Information provided:
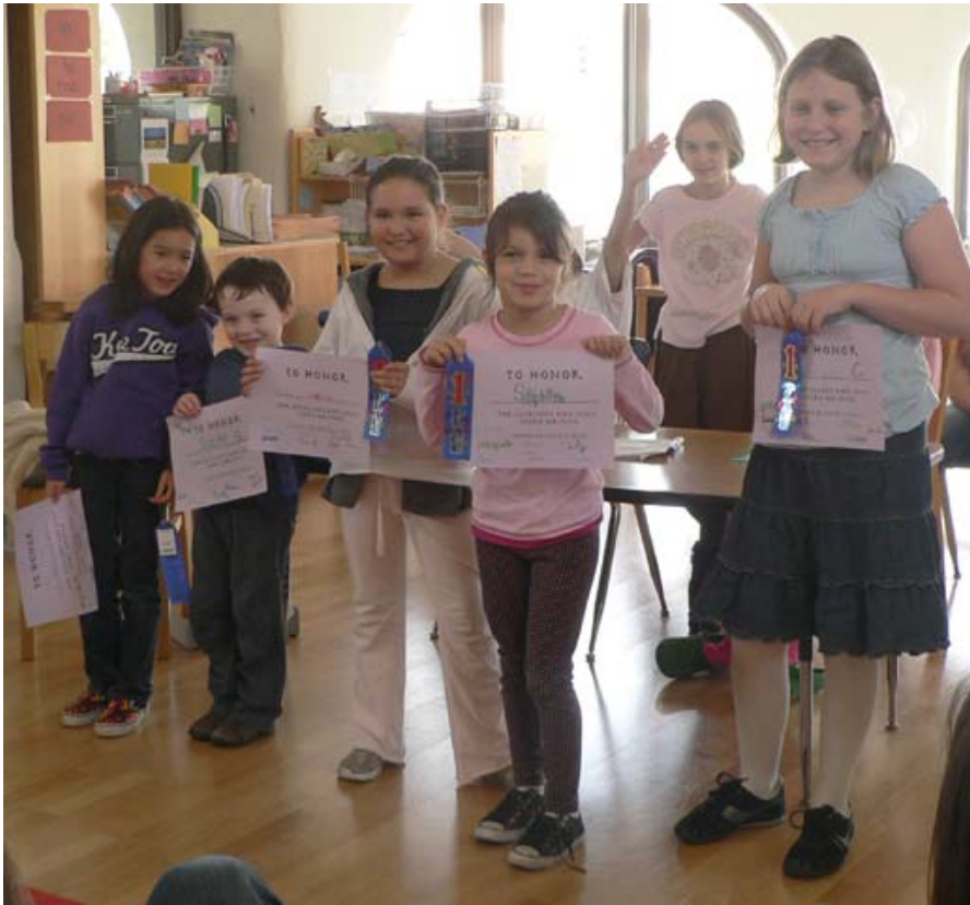
Above: The talented winners of the Library Club's story competition!
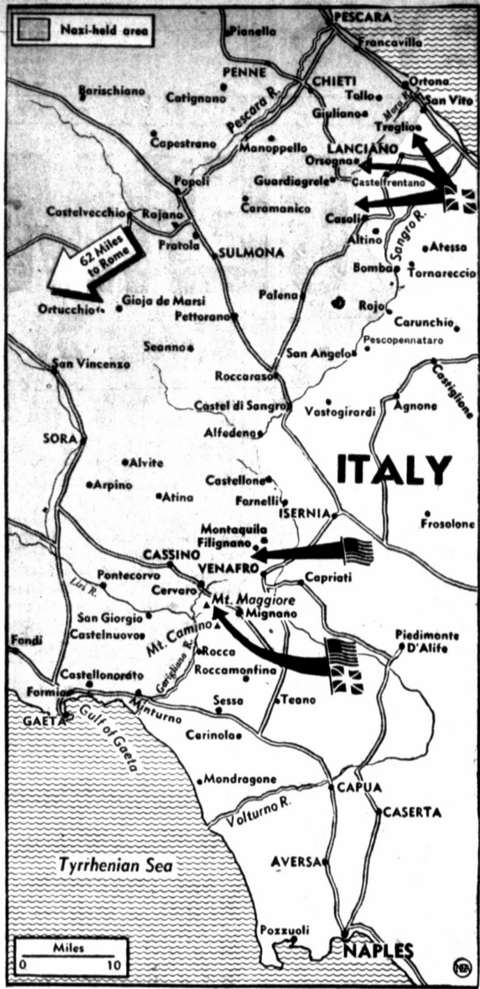
In a battle comparable to Verdun, American troops under Gen. Mark Clark have stormed Mt. Maggio and Mt. Camino, capturing several strategic heights. To the east, British forces, thrown back at Orsogna, surged forward to establish a five-mile front along the Moro river.
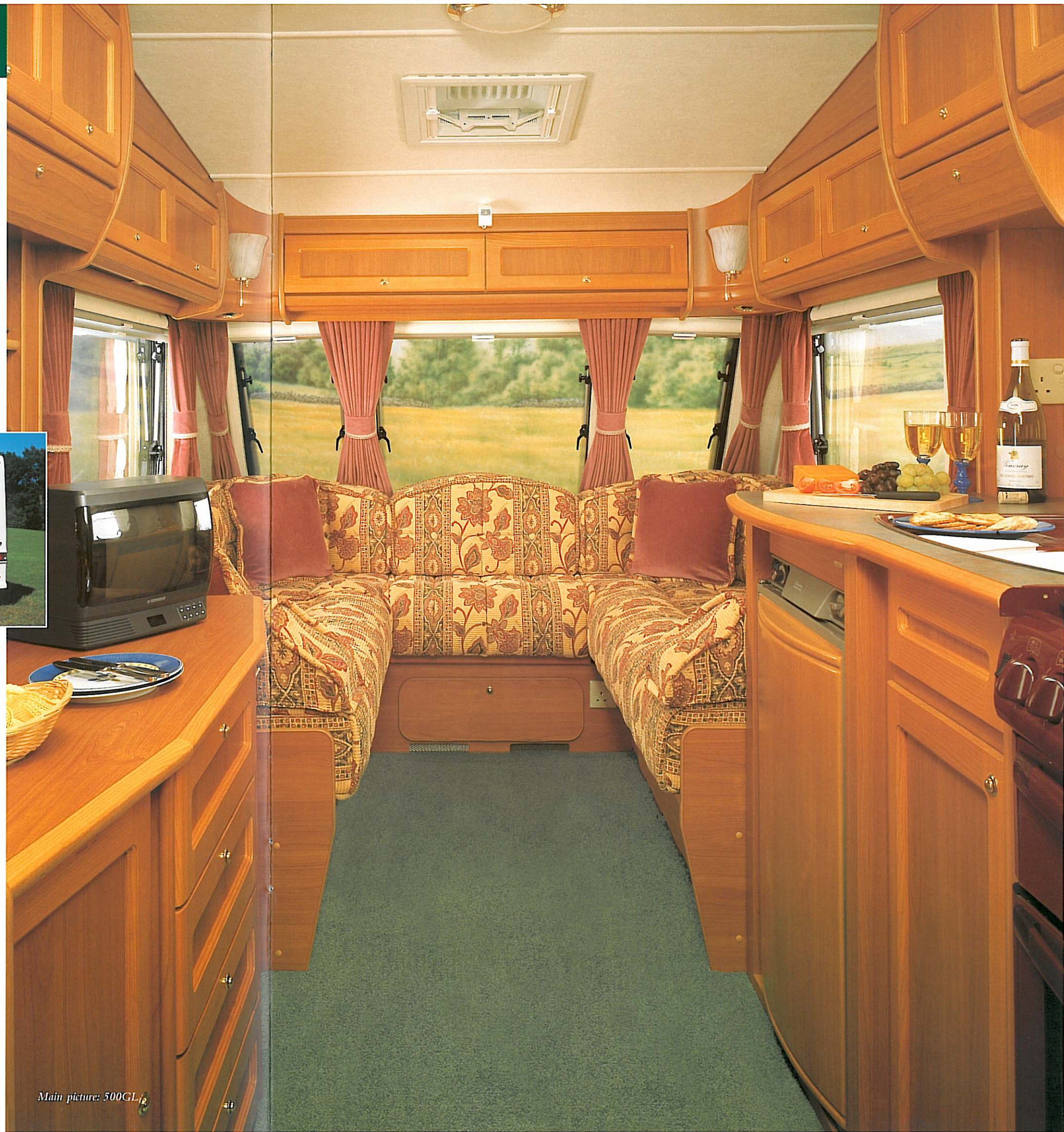
Main picture: 500GL
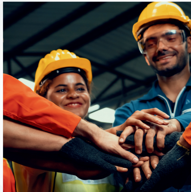
Skills Engineer Course
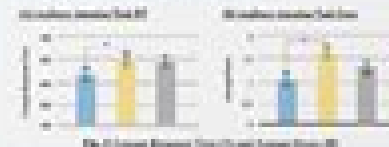
100% Guaranteed Refund Policy on all orders

Based on the existing literature, it is expected that unstructured environments reflect low control (i.e. being called) and thus increase attentional performance, while structured environments reflect higher control (i.e. being checked) and thus reduce attentional performance. It is expected that performance in the unstructured condition (signal) will be to improve the other two conditions.
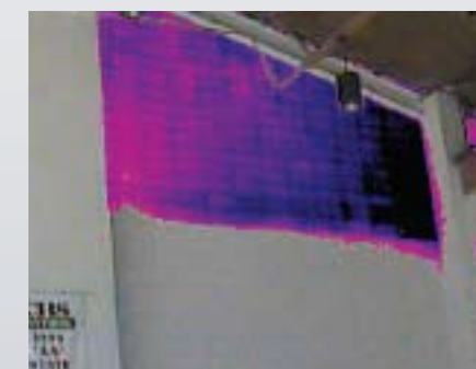
Fusion Image Showing Missing Insulation
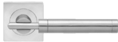
Ontario- TER 64Q 2 1/16" x 2 1/16"
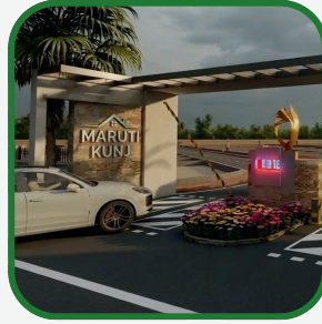
ENTRY EXIT GATE
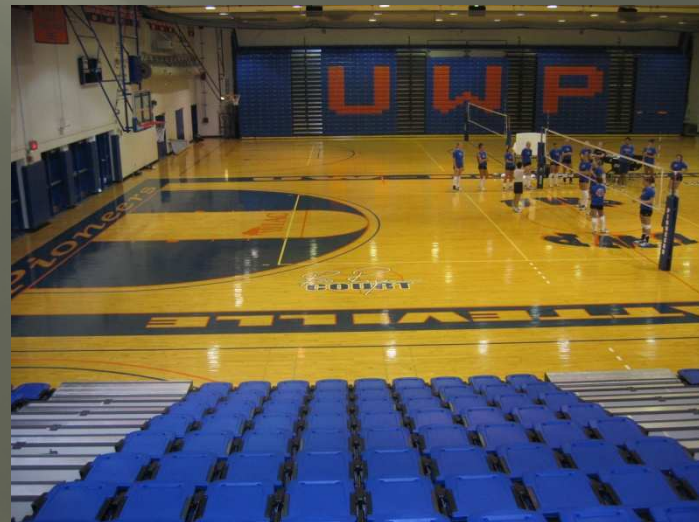
Bo Ryan Court
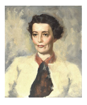
Title: Gertrude Woodcock Simpson Primary Maker: William Percy Couse Medium: Oil on masonite
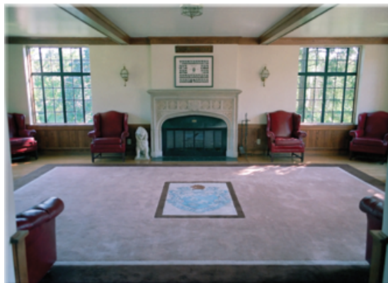
Photo of the Theta Xi Crest rug on the first floor of the House taken just after work week in late August 1989.

Work required: Any images must be dropped; all other material is to be printed exactly.

Answer space:
Above: The talented winners of the Library Club's story competition!
In a battle comparable to Verdun, American troops under Gen. Mark Clark have stormed Mt. Maggio and Mt. Camino, capturing several strategic heights. To the east, British forces, thrown back at Orsogna, surged forward to establish a five-mile front along the Moro river.
Main picture: 500GL
Skills Engineer Course
100% Guaranteed Refund Policy on all orders

Based on the existing literature, it is expected that unstructured environments reflect low control (i.e. being called) and thus increase attentional performance, while structured environments reflect higher control (i.e. being checked) and thus reduce attentional performance. It is expected that performance in the unstructured condition (signal) will be to improve the other two conditions.
Fusion Image Showing Missing Insulation
Ontario- TER 64Q 2 1/16" x 2 1/16"
ENTRY EXIT GATE
Bo Ryan Court
Title: Gertrude Woodcock Simpson Primary Maker: William Percy Couse Medium: Oil on masonite
Photo of the Theta Xi Crest rug on the first floor of the House taken just after work week in late August 1989.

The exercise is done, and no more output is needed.